**EXERCISE DESCRIPTION**
Where a record holds a picture, leave the picture out; otherwise repeat every record exactly.
━━━ EXCERPTED RECORDS ━━━
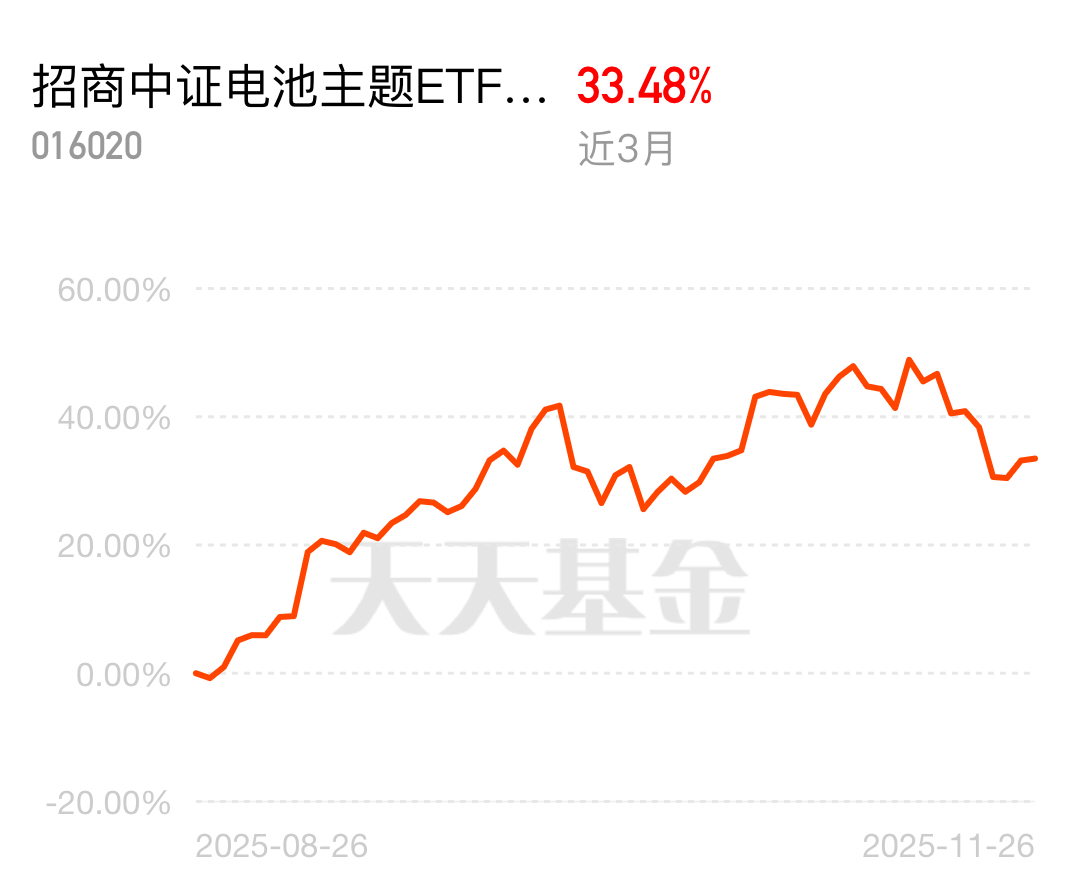 现在新能源行业发展势头正猛,锂电池作为关键零部件,需求端一直很坚挺,行业景气度持续高位。招商中证电池主题ETF联接C近3个月涨了33.48%,场外投资不用股票账户,轻松上车不费劲。$招商中证电池主题ETF联接C$
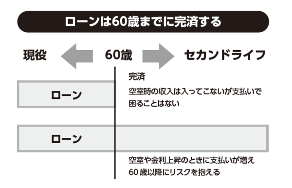 図表1のように60歳までにローンを完済できれば、それ以降は、もし空室になっても、ローンの支払いに困ることはありません。、またローンを完済していれば、まとまった資金が必要なときには、物件の売却も選択肢に入ります。
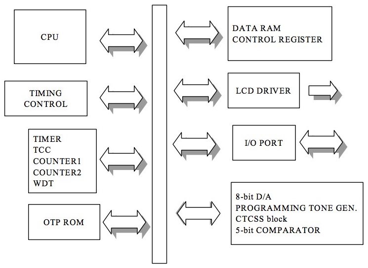 EM78P568 block diagram. Image courtesy of Elan Microelectronics Corp.
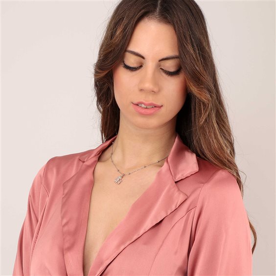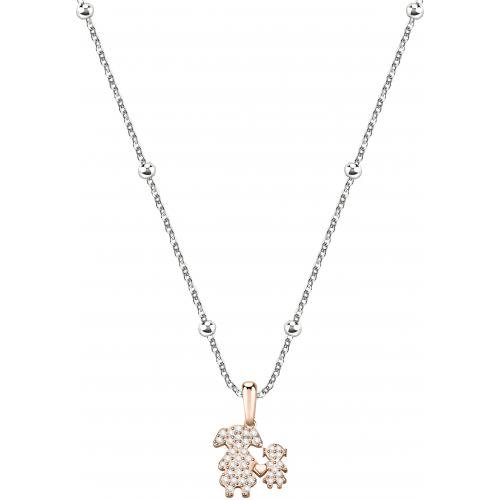 Collana girocollo in acciaio, pendente mamma e bambina colore oro rosa con zirconi.
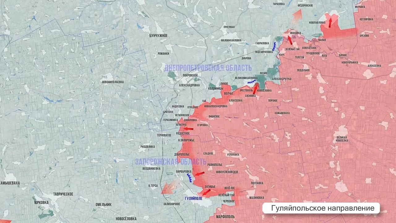 На Гуляйпольском участке фронта Министерство обороны РФ официально подтвердило освобождение населенного пункта Червоное. Штурмовые подразделения зашли в поселок на плечах отступающего противника сразу после взятия под контроль Зеленого Гая.
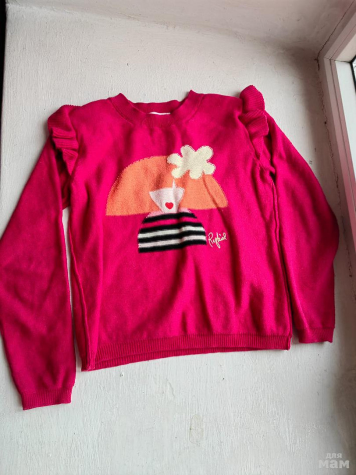 Кофта Sonia Rykiel 6 лет, 100% хлопок на лето.В отличном состояние, очень носибельный трикотаж. Рукав 42 и 34 см до шва, ог 34, длина 40 . Маркировка 6 лет
━━━
**PROBLEM SOLUTION**
 现在新能源行业发展势头正猛,锂电池作为关键零部件,需求端一直很坚挺,行业景气度持续高位。招商中证电池主题ETF联接C近3个月涨了33.48%,场外投资不用股票账户,轻松上车不费劲。$招商中证电池主题ETF联接C$
 図表1のように60歳までにローンを完済できれば、それ以降は、もし空室になっても、ローンの支払いに困ることはありません。、またローンを完済していれば、まとまった資金が必要なときには、物件の売却も選択肢に入ります。
 EM78P568 block diagram. Image courtesy of Elan Microelectronics Corp.
 Collana girocollo in acciaio, pendente mamma e bambina colore oro rosa con zirconi.
 На Гуляйпольском участке фронта Министерство обороны РФ официально подтвердило освобождение населенного пункта Червоное. Штурмовые подразделения зашли в поселок на плечах отступающего противника сразу после взятия под контроль Зеленого Гая.
 Кофта Sonia Rykiel 6 лет, 100% хлопок на лето.В отличном состояние, очень носибельный трикотаж. Рукав 42 и 34 см до шва, ог 34, длина 40 . Маркировка 6 лет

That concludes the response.